Write out, word for word, the part of the listing below that opens with the line containing "Le Tacot de" and closes with the line containing "亨利八世，1491（生）1509（登基）1547（薨），在位37年9个月", keeping both of those lines and adding no others.

——————

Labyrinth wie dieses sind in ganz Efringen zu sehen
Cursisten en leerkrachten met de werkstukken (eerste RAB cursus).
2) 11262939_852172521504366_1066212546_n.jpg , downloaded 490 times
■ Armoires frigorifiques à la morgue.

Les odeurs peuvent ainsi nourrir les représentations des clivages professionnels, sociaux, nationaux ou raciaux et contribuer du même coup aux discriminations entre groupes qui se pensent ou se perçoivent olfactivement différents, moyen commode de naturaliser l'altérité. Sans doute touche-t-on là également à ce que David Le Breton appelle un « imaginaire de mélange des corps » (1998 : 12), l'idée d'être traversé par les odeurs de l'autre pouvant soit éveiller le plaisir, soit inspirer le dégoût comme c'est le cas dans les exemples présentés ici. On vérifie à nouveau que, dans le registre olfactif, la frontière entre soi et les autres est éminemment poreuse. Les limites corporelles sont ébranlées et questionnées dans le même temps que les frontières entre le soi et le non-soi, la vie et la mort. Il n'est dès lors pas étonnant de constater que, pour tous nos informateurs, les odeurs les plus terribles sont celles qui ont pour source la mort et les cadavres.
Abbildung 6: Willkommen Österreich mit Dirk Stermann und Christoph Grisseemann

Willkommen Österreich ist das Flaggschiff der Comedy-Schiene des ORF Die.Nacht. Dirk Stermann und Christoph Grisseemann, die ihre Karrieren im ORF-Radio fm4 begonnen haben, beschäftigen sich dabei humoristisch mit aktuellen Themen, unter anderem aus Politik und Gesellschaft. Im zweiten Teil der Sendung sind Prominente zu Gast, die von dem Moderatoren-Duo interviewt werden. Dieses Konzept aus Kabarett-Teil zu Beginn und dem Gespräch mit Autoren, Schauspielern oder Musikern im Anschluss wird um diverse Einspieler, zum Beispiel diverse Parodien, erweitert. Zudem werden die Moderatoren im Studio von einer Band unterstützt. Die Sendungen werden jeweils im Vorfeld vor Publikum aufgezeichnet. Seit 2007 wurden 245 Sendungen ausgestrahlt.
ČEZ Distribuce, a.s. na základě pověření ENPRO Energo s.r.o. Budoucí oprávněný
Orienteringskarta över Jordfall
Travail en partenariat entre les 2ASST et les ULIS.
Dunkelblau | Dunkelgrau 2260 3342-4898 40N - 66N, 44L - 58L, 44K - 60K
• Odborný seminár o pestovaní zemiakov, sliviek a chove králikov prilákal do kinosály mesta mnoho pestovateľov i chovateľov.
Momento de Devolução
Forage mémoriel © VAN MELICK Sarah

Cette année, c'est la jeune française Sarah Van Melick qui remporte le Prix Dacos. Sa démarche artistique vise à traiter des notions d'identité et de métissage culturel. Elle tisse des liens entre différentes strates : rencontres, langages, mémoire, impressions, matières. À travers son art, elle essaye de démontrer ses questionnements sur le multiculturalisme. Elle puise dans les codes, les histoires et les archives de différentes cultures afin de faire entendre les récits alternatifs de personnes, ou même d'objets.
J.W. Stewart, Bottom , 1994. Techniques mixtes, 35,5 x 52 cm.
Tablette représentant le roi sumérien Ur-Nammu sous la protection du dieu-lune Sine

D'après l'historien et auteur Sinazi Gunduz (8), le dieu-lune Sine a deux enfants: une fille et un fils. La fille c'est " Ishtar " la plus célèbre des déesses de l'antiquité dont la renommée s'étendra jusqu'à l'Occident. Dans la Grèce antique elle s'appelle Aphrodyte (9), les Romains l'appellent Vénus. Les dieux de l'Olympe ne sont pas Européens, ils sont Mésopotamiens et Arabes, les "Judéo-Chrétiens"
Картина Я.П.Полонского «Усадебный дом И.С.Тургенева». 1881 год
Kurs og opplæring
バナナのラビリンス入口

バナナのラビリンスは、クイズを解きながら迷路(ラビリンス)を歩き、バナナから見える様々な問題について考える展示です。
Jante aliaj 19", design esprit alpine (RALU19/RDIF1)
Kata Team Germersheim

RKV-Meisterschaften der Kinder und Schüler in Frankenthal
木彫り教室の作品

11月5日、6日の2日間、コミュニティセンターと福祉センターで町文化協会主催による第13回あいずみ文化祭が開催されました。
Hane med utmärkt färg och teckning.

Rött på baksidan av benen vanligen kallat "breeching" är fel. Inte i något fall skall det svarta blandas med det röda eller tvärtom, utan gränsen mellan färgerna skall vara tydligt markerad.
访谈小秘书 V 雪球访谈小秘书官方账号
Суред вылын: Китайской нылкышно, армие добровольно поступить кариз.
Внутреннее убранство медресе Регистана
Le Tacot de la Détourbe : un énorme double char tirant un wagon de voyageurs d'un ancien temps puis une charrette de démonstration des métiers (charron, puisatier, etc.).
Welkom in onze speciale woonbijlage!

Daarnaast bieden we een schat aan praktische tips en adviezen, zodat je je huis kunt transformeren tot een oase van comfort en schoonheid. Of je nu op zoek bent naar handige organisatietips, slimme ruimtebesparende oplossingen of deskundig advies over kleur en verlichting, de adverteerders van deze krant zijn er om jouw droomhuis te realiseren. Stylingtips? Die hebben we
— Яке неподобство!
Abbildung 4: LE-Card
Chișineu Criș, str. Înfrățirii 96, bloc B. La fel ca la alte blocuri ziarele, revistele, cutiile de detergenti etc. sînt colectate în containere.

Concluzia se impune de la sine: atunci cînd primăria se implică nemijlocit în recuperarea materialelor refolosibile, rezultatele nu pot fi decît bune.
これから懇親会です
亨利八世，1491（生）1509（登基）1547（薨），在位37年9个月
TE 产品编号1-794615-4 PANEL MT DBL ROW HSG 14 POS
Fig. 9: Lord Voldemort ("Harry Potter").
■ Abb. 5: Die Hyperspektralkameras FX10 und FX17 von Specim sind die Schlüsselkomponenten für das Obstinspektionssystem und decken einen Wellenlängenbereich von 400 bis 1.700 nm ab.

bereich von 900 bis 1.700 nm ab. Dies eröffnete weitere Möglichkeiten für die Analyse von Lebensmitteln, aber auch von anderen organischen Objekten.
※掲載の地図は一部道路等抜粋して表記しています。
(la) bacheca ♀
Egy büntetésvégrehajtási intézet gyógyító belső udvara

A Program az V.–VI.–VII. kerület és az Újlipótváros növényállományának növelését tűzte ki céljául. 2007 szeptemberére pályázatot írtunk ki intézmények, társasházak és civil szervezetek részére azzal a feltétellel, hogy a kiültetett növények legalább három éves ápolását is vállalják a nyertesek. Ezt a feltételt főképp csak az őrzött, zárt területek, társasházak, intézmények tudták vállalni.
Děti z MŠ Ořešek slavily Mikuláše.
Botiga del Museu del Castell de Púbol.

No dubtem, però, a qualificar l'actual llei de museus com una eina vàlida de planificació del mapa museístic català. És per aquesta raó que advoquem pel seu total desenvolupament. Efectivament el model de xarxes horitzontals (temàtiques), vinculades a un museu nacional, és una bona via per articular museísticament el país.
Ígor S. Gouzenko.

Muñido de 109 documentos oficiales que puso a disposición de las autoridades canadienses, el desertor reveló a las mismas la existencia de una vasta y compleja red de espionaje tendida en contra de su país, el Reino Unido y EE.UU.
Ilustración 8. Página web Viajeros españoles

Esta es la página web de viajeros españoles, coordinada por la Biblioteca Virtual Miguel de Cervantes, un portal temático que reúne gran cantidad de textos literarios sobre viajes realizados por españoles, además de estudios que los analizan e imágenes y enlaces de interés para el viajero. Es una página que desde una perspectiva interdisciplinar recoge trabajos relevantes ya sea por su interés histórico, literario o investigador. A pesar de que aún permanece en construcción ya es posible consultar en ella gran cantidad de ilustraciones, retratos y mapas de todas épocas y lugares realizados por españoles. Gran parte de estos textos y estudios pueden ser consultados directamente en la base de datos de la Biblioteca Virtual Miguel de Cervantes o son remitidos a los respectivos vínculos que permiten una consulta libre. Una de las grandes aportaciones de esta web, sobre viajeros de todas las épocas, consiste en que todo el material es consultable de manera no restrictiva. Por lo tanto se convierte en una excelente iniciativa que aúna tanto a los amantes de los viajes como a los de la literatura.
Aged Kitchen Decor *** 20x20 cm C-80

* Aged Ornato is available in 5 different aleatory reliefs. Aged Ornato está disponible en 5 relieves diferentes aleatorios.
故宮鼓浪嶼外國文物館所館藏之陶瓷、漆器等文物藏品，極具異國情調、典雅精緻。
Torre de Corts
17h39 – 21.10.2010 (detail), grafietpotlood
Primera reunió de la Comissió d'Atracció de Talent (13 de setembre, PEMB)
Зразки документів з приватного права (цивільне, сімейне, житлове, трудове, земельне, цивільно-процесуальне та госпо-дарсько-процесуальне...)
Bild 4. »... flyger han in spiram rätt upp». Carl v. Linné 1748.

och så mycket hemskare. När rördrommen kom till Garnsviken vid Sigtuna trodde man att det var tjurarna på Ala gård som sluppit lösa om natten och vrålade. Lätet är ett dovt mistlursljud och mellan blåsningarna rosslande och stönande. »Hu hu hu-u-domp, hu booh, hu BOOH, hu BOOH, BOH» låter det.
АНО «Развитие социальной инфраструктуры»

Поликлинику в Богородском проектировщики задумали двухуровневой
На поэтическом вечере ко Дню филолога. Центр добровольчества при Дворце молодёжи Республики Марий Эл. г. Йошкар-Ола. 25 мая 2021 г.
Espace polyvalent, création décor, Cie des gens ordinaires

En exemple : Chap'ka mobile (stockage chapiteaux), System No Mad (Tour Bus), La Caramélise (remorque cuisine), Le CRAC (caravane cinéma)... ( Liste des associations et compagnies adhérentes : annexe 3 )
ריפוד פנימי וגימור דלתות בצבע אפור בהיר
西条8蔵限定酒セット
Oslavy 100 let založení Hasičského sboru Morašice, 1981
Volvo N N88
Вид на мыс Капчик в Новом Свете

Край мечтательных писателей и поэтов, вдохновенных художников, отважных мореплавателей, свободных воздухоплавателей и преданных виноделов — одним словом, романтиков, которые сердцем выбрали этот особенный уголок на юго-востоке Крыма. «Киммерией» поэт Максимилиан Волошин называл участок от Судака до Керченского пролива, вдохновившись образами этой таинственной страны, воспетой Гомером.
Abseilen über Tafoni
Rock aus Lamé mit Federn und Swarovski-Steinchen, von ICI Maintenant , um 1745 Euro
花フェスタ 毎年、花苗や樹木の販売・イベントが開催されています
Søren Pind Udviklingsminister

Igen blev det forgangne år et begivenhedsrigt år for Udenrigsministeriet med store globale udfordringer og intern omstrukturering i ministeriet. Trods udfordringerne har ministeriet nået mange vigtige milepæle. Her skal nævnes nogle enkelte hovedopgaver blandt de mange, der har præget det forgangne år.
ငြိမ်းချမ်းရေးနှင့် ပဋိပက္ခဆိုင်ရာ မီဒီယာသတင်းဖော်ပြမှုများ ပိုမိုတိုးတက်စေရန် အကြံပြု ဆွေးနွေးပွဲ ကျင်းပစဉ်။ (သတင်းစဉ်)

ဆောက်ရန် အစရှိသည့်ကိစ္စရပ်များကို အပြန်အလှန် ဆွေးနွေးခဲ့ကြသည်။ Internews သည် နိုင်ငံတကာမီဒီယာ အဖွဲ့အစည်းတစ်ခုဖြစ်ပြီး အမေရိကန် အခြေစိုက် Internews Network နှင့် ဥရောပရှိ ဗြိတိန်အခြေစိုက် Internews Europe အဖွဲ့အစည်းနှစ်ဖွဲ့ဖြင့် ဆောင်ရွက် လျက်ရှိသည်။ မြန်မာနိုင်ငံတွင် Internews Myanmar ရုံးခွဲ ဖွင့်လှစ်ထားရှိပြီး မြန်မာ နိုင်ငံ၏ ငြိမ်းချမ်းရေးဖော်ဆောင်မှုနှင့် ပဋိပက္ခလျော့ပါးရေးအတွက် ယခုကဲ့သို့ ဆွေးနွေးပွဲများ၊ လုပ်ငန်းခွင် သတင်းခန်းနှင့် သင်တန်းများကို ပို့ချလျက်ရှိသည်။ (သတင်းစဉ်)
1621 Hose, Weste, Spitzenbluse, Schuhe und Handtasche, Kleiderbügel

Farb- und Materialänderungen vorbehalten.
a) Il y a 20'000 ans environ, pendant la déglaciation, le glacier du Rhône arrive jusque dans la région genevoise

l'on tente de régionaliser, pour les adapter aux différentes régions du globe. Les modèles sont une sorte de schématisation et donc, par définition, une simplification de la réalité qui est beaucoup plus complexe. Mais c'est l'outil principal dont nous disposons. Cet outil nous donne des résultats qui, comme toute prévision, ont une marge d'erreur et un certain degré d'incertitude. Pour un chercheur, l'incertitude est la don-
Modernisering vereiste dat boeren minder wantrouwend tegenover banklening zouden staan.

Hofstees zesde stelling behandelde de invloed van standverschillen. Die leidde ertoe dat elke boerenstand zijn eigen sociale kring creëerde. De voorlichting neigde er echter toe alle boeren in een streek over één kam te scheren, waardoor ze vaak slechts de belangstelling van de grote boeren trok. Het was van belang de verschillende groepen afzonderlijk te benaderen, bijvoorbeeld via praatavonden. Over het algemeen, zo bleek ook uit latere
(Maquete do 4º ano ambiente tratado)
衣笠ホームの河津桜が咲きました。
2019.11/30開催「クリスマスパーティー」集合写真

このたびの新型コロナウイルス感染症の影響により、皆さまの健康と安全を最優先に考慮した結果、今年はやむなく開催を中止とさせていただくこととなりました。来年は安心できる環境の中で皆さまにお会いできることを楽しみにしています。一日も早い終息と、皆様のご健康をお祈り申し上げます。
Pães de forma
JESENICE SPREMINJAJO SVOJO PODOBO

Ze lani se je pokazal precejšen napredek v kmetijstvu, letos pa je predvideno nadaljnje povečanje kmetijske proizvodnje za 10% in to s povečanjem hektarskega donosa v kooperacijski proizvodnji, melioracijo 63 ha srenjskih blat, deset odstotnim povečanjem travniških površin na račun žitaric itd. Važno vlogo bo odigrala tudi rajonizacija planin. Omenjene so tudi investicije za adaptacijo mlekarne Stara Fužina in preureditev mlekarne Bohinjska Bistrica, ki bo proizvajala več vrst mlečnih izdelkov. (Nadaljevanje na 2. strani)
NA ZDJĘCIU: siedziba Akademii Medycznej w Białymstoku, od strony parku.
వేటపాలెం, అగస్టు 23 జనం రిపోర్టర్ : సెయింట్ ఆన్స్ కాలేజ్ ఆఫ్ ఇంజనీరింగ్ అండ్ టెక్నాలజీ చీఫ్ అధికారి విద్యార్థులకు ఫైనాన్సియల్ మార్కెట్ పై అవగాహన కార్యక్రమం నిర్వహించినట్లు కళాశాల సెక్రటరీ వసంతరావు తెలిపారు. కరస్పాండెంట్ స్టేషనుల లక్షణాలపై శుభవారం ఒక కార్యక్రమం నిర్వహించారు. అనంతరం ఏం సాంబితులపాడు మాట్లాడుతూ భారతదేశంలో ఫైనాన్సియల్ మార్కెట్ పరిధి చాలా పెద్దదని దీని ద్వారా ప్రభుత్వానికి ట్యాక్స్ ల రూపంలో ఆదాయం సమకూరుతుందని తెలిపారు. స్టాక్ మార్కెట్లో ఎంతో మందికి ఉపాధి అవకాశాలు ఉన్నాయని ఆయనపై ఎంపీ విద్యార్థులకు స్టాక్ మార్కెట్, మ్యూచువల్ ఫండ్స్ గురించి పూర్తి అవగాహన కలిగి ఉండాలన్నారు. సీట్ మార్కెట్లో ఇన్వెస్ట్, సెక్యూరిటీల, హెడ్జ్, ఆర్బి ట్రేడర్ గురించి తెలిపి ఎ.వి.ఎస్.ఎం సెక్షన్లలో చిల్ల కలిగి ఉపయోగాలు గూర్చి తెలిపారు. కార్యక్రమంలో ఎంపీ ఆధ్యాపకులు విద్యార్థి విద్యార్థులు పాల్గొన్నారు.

——————

Reply to the exercise
Le Tacot de la Détourbe : un énorme double char tirant un wagon de voyageurs d'un ancien temps puis une charrette de démonstration des métiers (charron, puisatier, etc.).
Welkom in onze speciale woonbijlage!

Daarnaast bieden we een schat aan praktische tips en adviezen, zodat je je huis kunt transformeren tot een oase van comfort en schoonheid. Of je nu op zoek bent naar handige organisatietips, slimme ruimtebesparende oplossingen of deskundig advies over kleur en verlichting, de adverteerders van deze krant zijn er om jouw droomhuis te realiseren. Stylingtips? Die hebben we
— Яке неподобство!
Abbildung 4: LE-Card
Chișineu Criș, str. Înfrățirii 96, bloc B. La fel ca la alte blocuri ziarele, revistele, cutiile de detergenti etc. sînt colectate în containere.

Concluzia se impune de la sine: atunci cînd primăria se implică nemijlocit în recuperarea materialelor refolosibile, rezultatele nu pot fi decît bune.
これから懇親会です
亨利八世，1491（生）1509（登基）1547（薨），在位37年9个月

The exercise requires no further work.